В воротах торчали двое стражников, скучно глядя перед собой.
Мальчик вновь замедлил ход и успел тайком порадоваться, что легко одет. Под льняной эксомидой трудно спрятать даже свирель. Будь на нем хотя бы плащ — не миновать обыска. Вспомнилось: когда он начинал сердиться и кричать о подлых скотах, недостойных касаться его пальцем, стражники превращали все в потеху. Хлопали по плечам, ягодицам, отпускали похабные шуточки; дергали за одежду, заворачивая подол на голову и мерзко хихикая, — нарочитая игра все равно оборачивалась обыском. Захоти он передать деду оружие или, например, яд...
Но зачем?
Вон, ковыряется в земле. Грядку окучивает гроза морей. Лысина издалека блестит, лишь за ушами сохранились редкие островки мутно-седых волос. Согнулся в три погибели, держится одной рукой за поясницу. Охает небось. Кряхтит.
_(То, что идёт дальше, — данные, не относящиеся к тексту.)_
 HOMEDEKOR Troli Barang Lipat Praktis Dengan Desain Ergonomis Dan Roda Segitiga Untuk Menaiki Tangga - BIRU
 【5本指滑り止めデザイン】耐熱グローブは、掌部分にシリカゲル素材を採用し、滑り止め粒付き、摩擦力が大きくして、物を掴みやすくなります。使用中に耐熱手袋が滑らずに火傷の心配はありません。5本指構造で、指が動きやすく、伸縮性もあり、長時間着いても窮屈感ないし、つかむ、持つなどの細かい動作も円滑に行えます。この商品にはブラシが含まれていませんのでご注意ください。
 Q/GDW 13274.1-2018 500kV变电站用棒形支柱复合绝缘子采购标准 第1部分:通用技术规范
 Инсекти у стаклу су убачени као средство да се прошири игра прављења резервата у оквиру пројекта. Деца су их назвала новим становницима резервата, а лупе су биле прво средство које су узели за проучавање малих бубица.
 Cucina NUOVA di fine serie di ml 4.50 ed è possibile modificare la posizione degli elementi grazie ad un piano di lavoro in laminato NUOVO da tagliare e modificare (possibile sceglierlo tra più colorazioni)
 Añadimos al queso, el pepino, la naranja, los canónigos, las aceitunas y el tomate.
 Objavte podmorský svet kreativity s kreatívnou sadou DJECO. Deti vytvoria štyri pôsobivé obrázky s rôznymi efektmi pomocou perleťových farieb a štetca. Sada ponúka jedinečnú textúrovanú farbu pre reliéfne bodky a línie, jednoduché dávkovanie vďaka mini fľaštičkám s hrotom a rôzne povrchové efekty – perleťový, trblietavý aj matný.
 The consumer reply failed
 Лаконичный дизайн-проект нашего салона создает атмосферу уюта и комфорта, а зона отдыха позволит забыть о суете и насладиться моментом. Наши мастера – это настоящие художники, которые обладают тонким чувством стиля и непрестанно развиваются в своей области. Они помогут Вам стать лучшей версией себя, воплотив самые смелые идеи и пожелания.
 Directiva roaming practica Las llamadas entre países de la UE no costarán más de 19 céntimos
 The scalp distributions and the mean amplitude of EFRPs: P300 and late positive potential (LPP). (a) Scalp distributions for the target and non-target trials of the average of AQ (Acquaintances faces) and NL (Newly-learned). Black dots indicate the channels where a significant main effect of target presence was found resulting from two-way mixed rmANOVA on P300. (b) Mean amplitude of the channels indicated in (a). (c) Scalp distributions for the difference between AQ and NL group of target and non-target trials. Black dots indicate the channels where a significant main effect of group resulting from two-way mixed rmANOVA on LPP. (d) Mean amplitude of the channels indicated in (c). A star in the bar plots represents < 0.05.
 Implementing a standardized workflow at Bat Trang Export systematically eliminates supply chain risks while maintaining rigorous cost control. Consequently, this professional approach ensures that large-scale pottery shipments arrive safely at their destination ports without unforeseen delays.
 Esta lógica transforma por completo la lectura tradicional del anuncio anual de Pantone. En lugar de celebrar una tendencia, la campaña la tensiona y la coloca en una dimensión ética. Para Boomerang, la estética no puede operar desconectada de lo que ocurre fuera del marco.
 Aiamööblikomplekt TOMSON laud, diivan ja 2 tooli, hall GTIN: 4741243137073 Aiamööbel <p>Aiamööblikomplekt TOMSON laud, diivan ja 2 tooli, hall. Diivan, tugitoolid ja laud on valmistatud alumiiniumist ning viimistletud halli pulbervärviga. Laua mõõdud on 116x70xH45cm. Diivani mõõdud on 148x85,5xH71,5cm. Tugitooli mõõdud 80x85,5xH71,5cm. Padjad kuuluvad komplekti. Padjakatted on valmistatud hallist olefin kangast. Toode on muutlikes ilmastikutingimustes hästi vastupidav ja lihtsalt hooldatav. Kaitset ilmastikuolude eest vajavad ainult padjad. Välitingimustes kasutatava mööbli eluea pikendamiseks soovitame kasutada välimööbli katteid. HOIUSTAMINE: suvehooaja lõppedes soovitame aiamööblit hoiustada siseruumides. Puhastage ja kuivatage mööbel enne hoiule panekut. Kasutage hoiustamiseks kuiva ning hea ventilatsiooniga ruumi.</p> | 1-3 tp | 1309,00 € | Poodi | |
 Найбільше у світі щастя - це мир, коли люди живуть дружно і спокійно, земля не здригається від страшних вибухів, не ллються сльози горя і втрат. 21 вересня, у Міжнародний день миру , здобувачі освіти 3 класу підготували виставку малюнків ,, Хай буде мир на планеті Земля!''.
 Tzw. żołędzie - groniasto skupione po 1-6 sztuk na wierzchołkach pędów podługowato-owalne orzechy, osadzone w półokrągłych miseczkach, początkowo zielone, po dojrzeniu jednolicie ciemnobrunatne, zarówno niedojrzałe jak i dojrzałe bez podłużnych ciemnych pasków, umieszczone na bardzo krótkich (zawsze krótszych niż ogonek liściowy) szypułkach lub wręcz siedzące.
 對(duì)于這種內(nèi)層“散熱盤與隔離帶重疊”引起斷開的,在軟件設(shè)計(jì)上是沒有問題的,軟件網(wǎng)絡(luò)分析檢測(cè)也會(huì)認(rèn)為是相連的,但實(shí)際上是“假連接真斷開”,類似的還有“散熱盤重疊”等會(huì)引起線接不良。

Рядом с мальчиком, у ноги, шевельнулась гора шерсти: увязавшаяся от дома собака тоже заметила старика. Но не издала ни звука.
— Тихо, Кошмар! Тихо!
Зря это я, подумал мальчик. Кошмар все равно был немым. Настоящее имя собаки — кажется. Аргус... или Аргос? — забылось со временем, и прилипла новая, данная злыми на язык хлебоедами кличка: Кошмар. Пес не обижался. Он вообще ни на что не обижался и никого не любил. Терпел: да. Как терпел обожание всего собачьего племени острова. Безухий и бесхвостый. Кошмар равнодушно смотрел красными, утонувшими в лохмах глазками, как огромный вожак-волкодав ползет к нему на брюхе, скуля и виляя метлой хвоста. Так же равнодушно пес слушал проклятья чужаков; их угрозы прибить собаку дротиком были для пса подобны мухам — назойливы, не более. И впрямь: трогать «дурную тварюку» опасались, довольствуясь бранью. Лишь однажды натравили привезенного с собой кобеля лаконской породы, натасканного для боев в загоне. Лаконец сошел с ума. Выл, прикипев к месту, потом вцепился в собственную лапу, начав ее упо-енно грызть. Пришлось добить копьем. Тогда запретили кормить безухого, опрокидывая миску в нужник, если мальчик таскал еду для папиного пса. Надеялись: сам сдох-Нет. Тщетно. К вечеру у хлебоедов глаза вылезли на лоб: тьма-тьмущая итакийских овчарок собралась к дому, неся в зубах кто косточку, кто задавленную белку, а кто и кусок парной баранины, явно краденой.
Кошмар принял подношения со свойственным ему равнодушием.
Он вообще все время валялся за воротами, неотрывно глядя на дорогу, ведущую в гавань, или сутками пропадал на Кораксовом утесе, рассматривая горизонт. Годы скользили мимо Кошмара, боясь тронуть застывшего в ожидании пса, и мальчик иногда размышлял о собачьем боге, потерявшем собственное божество. В такие минуты Телемах полагал, что собаки много лучше людей.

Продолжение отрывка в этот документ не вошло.